Amir0x said:
It is implied that anything from my comments is automatically "maybe for [me]", so the exposition to that effect was unnecessary. My team frequently made idiotic A.I. decisions, failing to capture the necessary nuance that any good self-respecting A.I. has - particularly in regards to buffing/de-buffing. Now maybe it's "good enough" for some people - obviously - but I definitely don't think settling does anything for the quality of the game. It's rough and could do with some improvements, no question about it, and incidentally including the option to not have to rely on the shit-ass A.I. wouldn't impact you or anyone else whatsoever. Options are good. Less options are bad.
Oh I don't disagree, more options is good, especially if other players have an issue for it. I didn't mean it in a sense that your complaint is not valid, but simply that not everyone sees it as a flaw so it's probably pretty low on a list of to-fix, compared to other more pressing issues. Ultimately, FFXIII-2 was never going to fix every problem for every player to begin with. That would require making a completely different game and would have been better off as a new IP. As it is, the sequel will target those who enjoyed the original game more first, rather than those who didn't enjoy the game much at all. So what the game changes and fixes will probably be slanted towards the feedback to those who had positive experiences with the game.
I don't agree that it isn't a town issue. I mean, I don't know about FFXIII-2's town thing, although I was almost certain I read an article (in GameInformer?) that said towns would be making a real appearance this time. Not the town "skins" that were in FFXIII, but actual towns.
By towns, I mean a location with many different buildings to enter, with shops to buy from, with secrets and maybe little treasure boxes to find in off areas. People to talk to that maybe give out sidequests. A town town. Final Fantasy RPGs feel desolate without some of these. They also give context to your quest, a sort of "what are you fighting for" undercurrent.
You'd know better than me as to its existence in FFXIII-2, however, since the only American article I've read on the subject has been GameInformer and they're GameInformer.
When I said that it isn't a town issue, I don't mean that not having a towns is a good thing. I meant that what FFXIII-2 is fixing is the pace and flow of the game, rather than adding what you think of as towns to the game directly.
We've both been playing RPGs for ages, so I think you know that I have a pretty good idea of what you mean when you talk about RPG towns. You're thinking of something like FFXII or Xenoblade, where there are big sizable areas which are specifically community based locations, with NPCs inhabiting the area and offering shops, going by their daily lives shopping/playing/talking/etc, and basically the feeling that this is a location where people live in and populate. Locations like the Citadel in Mass Effect, and Detroit in Deus Ex HR.
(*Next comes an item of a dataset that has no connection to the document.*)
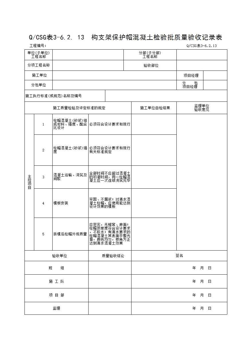 表格名称:QCSG 表 3-6.2.13 构支架保护帽混凝土检验批质量验收记录表

I do not believe that FFXIII-2 has towns like this. Based on all the media I've seen, and all the interviews I've read about the game, it is much more likely that they will simply be populating transitional areas between combat zones with NPCs and shops, so there's a feeling that the world is more alive, and there are people other than the player characters who are hanging around areas.
Think of locations like Snow's flashback in FFXIII, and the Nautilus resort, and also imagine if Vanille's old town on Pulse was populated by people walking around. That's probably a more reasonable expectation of what will be "towns" in FFXIII-2. I could be wrong, and there could be entire cities which are exactly like towns in previous FF games, but since we have seen nothing like that whatsoever, and the developers have specifically downplayed expectations on that aspect in at least one interview, and the game is 3 months away, I don't think that's something that I would expect.